Filed Under:Markets, Commercial Lines

Ratings Agencies See Insurance Industry as Stable

United States insurance sectors are expected to see generally stable credit trends in 2013 due to strong balance sheets, a stable business climate, and improved enterprise-risk-management strategies, says Standard & Poor's Ratings Services.

In a report released today titled “U.S. Insurers’ Sound Fundamentals Should Counteract Sluggish 2013 Economic Performance,” analysts say the Congressional deal to avert or at least delay the fiscal cliff reduced the near-term likelihood of the U.S. economy falling into recession.

However, S&P says the recovery remains fragile and further political brinksmanship over spending and the deficit could overshadow the economy and markets for much of 2013.

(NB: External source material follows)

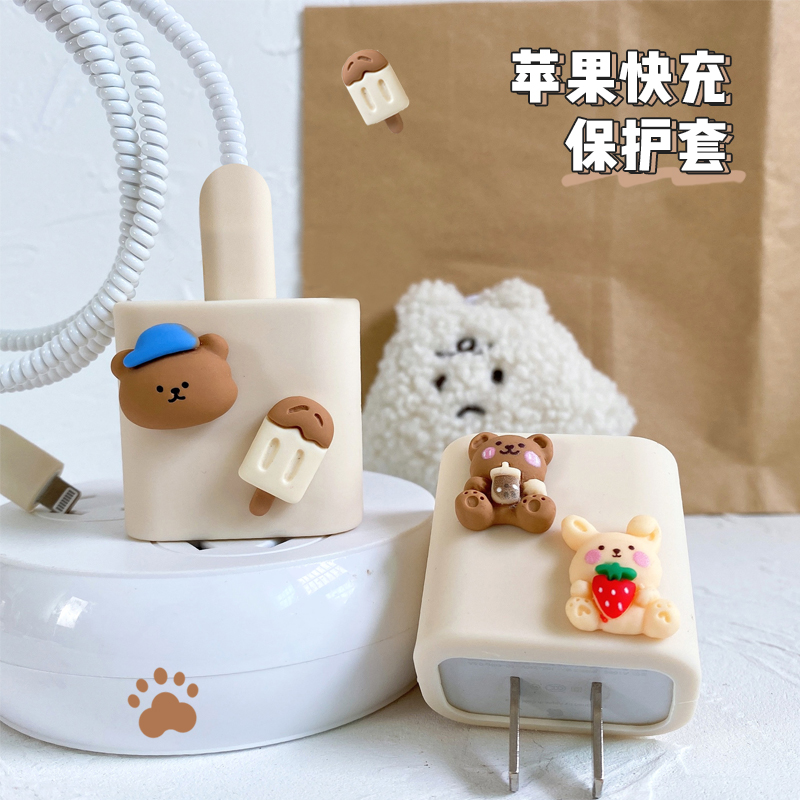 13Promax data line protective sheath Apple 20W quick filling protective shell iPhone12 charger protective sleeve cute cartoon 11PRO charging wire head protective sleeve anti-breaking wound rope

“This sluggish recovery continues to weigh on all insurance sectors, and we expect the rating impact to be stable to modestly negative in 2013,” says Standard & Poor’s credit analyst Rodney Clark. “However, risk aversion and strongly recovered capital bases since the financial crisis will go far in mitigating negative factors. Unfortunately, we expect the downside risks to continue to outweigh upside risks at least in 2013.”

Yesterday, insurance rating service A.M. Best said it will maintain its stable outlook for personal lines, but holds a negative outlook for commercial lines.

Overall, personal lines are adequately capitalized as auto produces generally “adequate performance and stability.”

Homeowners, on the other hand, is subjected to “volatile weather-driven performance.” The line also suffers from continued competition, less-favorable loss reserve development, low investment yields and the sluggish economy.

Turning to reinsurance, Robert De Rose, vice president for the Oldwick, N.J.-based insurance-rating firm, says the stable rating remains as it has for past several years.

“The rationale for that is the solid capital position of the reinsurance market and the relatively reasonable earnings, despite increases volatility mainly from catastrophe losses,” says De Rose.

He notes that reinsurers are dealing with weak “pricing fundamentals” and “low investment yields” that are proving a challenge toward profitability for the underwriters.

However, they have been able to earn “a reasonable level of profitability” with combined ratios coming at or near the breakeven point.

In 2013, reinsurers are expected to see “reasonable organic growth” in their capital, but “stabilization in reinsurance pricing may be short-lived.” Sandy, Best continues, had little impact on pricing going into January renewals, but “some regional accounts that were impacted did experience price increases.”